### Task to carry out
Every line from the one containing "(3) | 2024.02.16 |" to the one containing "جسمات بناء البيت" in the records below, both included, must be set down exactly, and no other line.

### Data for this exercise
►

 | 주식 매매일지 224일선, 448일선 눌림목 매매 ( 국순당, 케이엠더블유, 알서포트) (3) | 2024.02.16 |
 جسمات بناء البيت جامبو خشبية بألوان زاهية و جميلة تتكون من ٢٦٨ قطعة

◄
►

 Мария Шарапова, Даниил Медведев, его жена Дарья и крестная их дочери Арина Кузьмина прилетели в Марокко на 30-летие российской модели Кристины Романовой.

◄

### Result
 | 주식 매매일지 224일선, 448일선 눌림목 매매 ( 국순당, 케이엠더블유, 알서포트) (3) | 2024.02.16 |
 جسمات بناء البيت جامبو خشبية بألوان زاهية و جميلة تتكون من ٢٦٨ قطعة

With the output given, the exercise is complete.